I won't even delve into the immorality of a government that cares about Wall Street returns, or feeds into a culture of gamblers who feel entitled to collect when they win but get bailed out when they lose (as with the various foreclosure solutions being talked of). Markets are supposed to go up and down. They're supposed to. Up and down. Up and down. And if they don't, they don't work. But, let's let that go.
My point is that ZERO IS COMING. And that will break us. We can't just keep lowering the fed rate. We can't. It just isn't possible because ZERO IS COMING. Yet we keep driving toward that cliff, pretending it isn't coming. Lowering the fed rate is keeping our economy alive; zero is coming. Hmmm.

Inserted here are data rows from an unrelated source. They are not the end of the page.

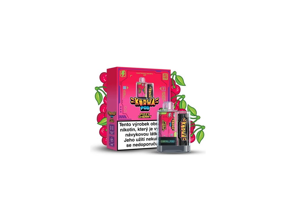 Kurwa Pod Fizzy Cherry prináša osviežujúcu a perlivú chuť zrelých čerešní s príjemným perlivým (fizzy) efektom. Ideálne pre tých, ktorí hľadajú zábavný a osviežujúci vapovací zážitok z radu Kurwa Pod.
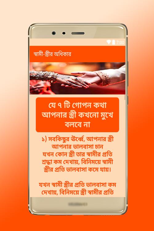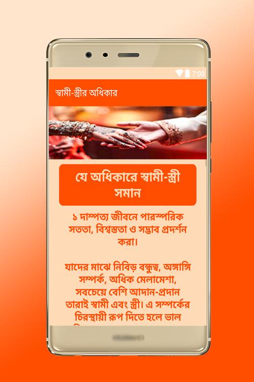 এই অ্যাপ্লিকেশানটিতে স্বামী-স্ত্রীর অধিকার সম্পর্কে প্রায় সকল তথ্য পেয়ে যাবেন।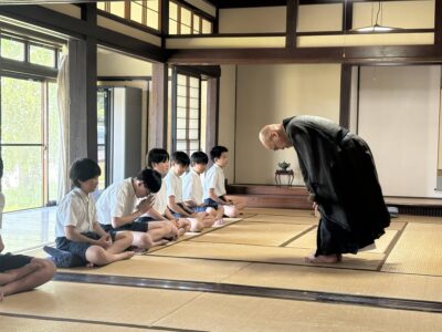 6年生が小学校生活最後の座禅指導を受けました。座禅のポイントは3つで姿勢、呼吸、心を「調える」ことです。姿勢はおへそに力を入れること、呼吸は吐いてから吸うことです。その2つを調えることで心も調ってきます。また、最後に「あきらめる」ことの大切さを教わりました。「あきらめる」という言葉はよくないイメージを持つことが多いですが、本来の意味は「明らかにして受け入れる」だそうです。そして、受け入れるだけではなく、「反省」することも大切ということでした。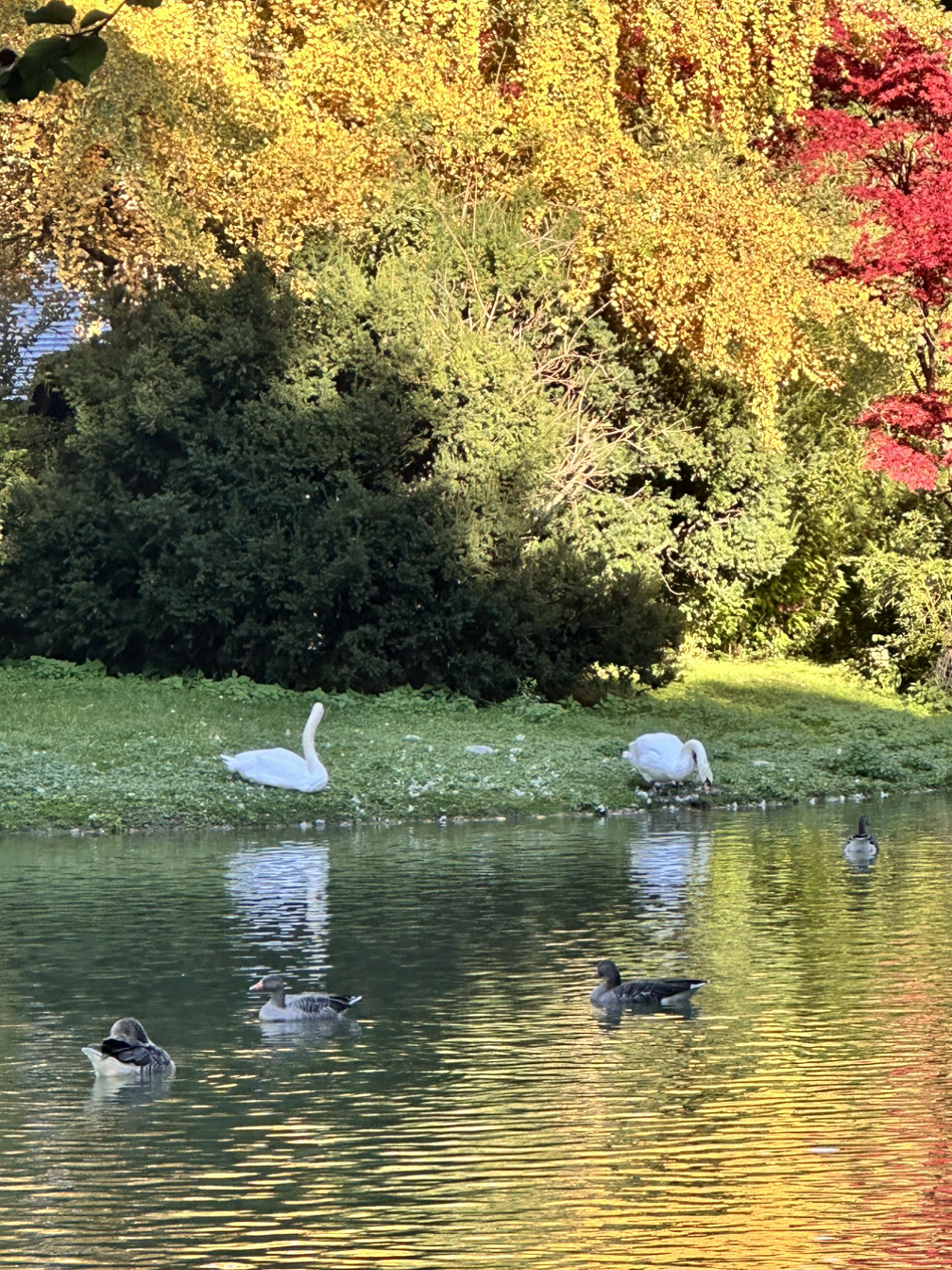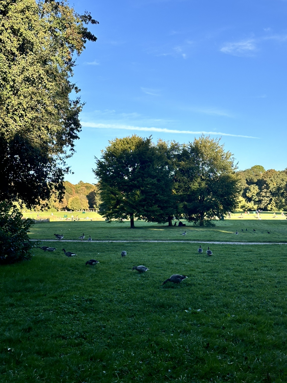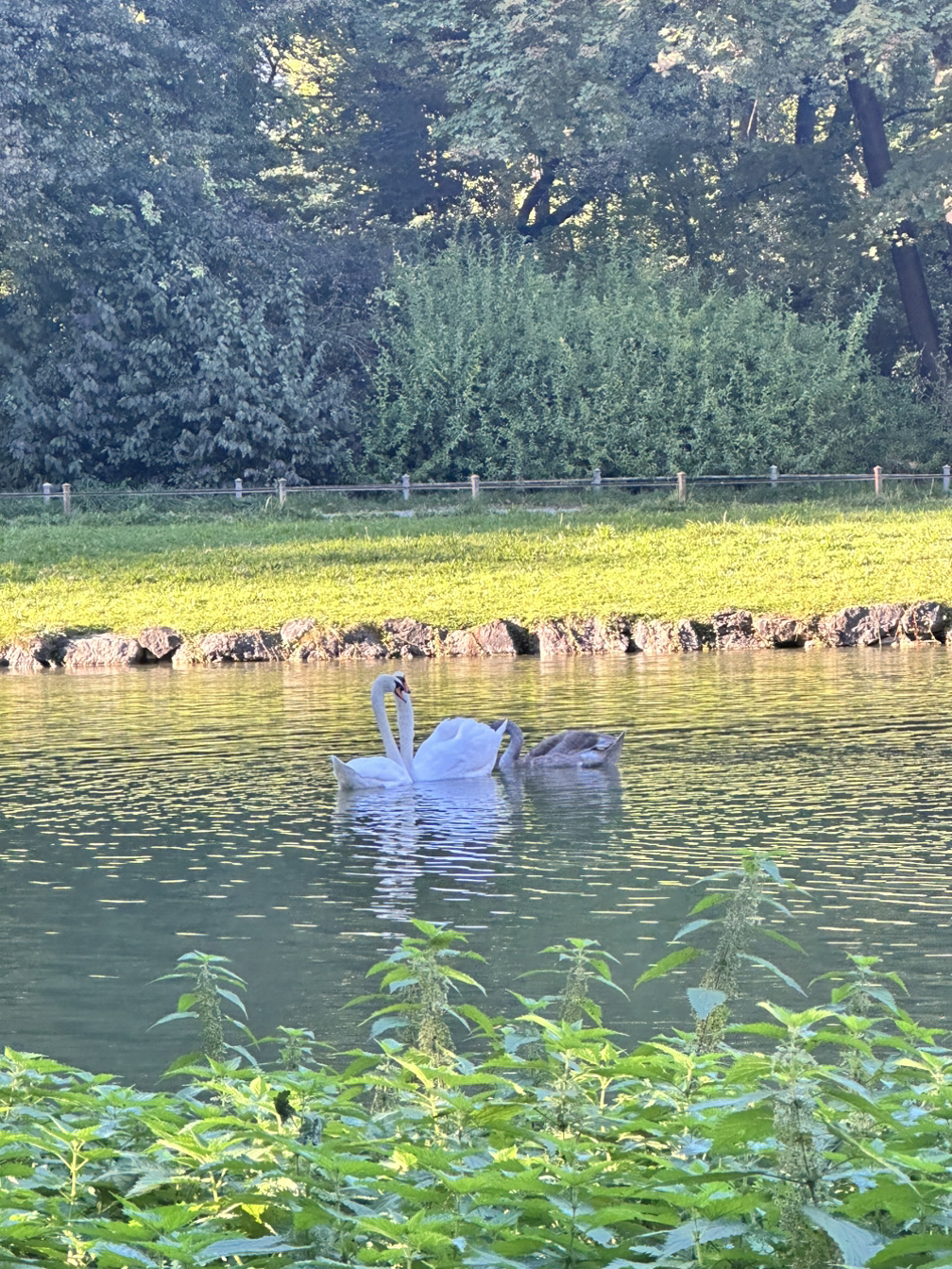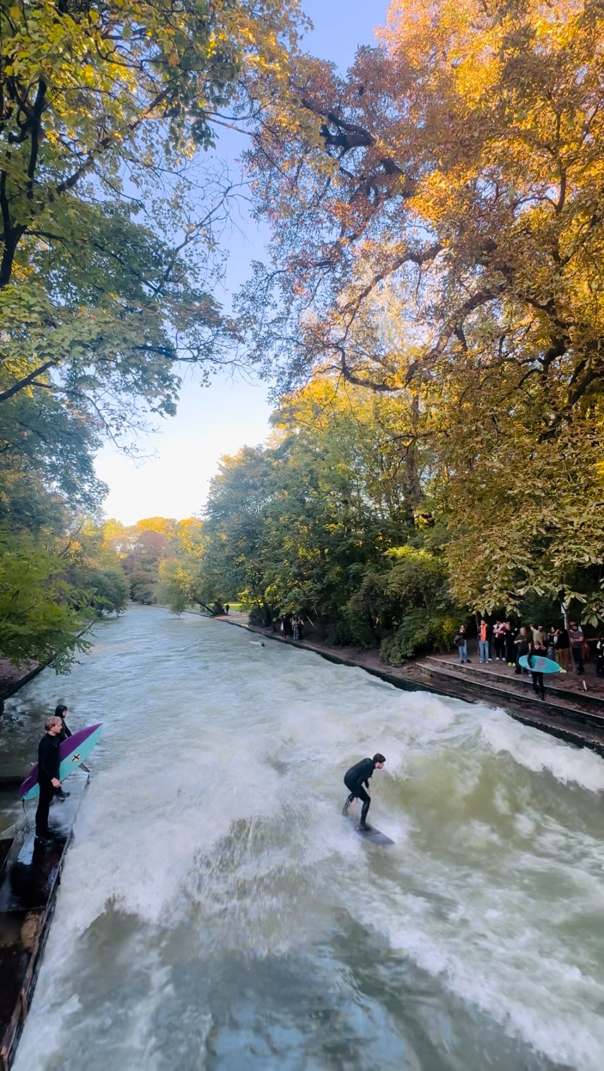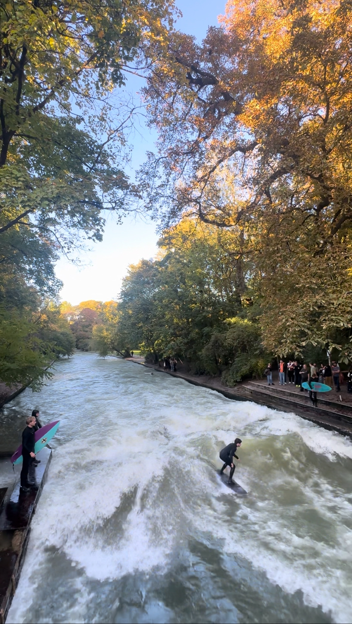 독일에 오면서 가장 기대한 장소인 영국정원에 갔다. 잠깐 독일어를 배웠을 때 잉글리쉬 가르텐(맞는 발음인지 헷갈린다...)이 예문에 많이 나오기도 했고, 언니도 많이 추천해 줘서 꼭 오고 싶었다. 카페에서 20분 거리였는데 소화도 시킬 겸 걸어갔다. 영국정원에 들어가자마자 보인 것은 작은 호수와 오리들이었다. 그리고 동물에 관한 지식이 없어 확실하지는 않지만 백조처럼 보이는.. 동물도 있었다. 따사로운 햇살에 낙엽이 아주 살짝 보이는 초록초록한 풍경, 그리고 귀여운 동물 친구들이 보이는 내 눈앞의 광경이 힐링이라서 떠날 수 없었다. 결국 옆에 벤치에 앉아서 20분 정도 멍을 때리다가 다음 코스로 향했다. 영국정원의 시작 부분?에서 사람들이 서핑을 하고, 서핑을 구경하는 곳이 있다길래 가봤다. 오늘이 내가 유럽에 있는 동안 볼 가장 좋은 날씨일 것 같아서 설레는 마음으로 걸어갔는데 눈앞에 예상보다도 더 예쁜 광경이 펼쳐졌다. 파도가 있는 곳에서 서퍼복을 입은 사람들은 서핑을 하고, 많은 사람들이 구경을 하고 있었다. 취미로 서핑을 하시는 분들이 서핑을 하고 계셨는데, 취미와 도전을 즐기는 사람들이 빛나 보였고, 그분들의 진지한 표정과 행복한 웃음 그리고 넘어져 물에 휩쓸려 가도 다시 나와서 다음 서핑에 도전하는 모습이 멋있고 응원하고 싶어서 한 40분을 행복하게 바라봤다.

In the meantime, gold looks better than ever, doesn't it? Everytime the Fed drops the rate, the dollar devalues, and because gold trades on a world market, it's price in dollars rises. But what's more, as the dollar devalues, the idea of keeping funds out of currency altogether gains momentum. And also, if the biggest knock on gold is that it doesn't collect interest, how much of a knock is that if nothing collects much interest? The rise of the dollar as the world's default reserve currency broke gold. The collapse of the dollar as the world's default reserve will resurrect it. (btw, this wisdom enters my head only after selling 20 ounces when gold crossed $750, and seeing it hit $915 today).
But there is a greater economic stupidity than dropping the Fed rate: the stimulus package. And I'll let all defenders of the action figure this out: why give us all $600, or $800, or whatever it'll end up being? Why not give us $60,000 each? Why not $6 million each? Why not? Really, take the time and articulate to yourselve why $6 million each would be ridiculous, and then you'll understand why $600 is ridiculous, only on a lesser scale, because the difference only is a matter of scale.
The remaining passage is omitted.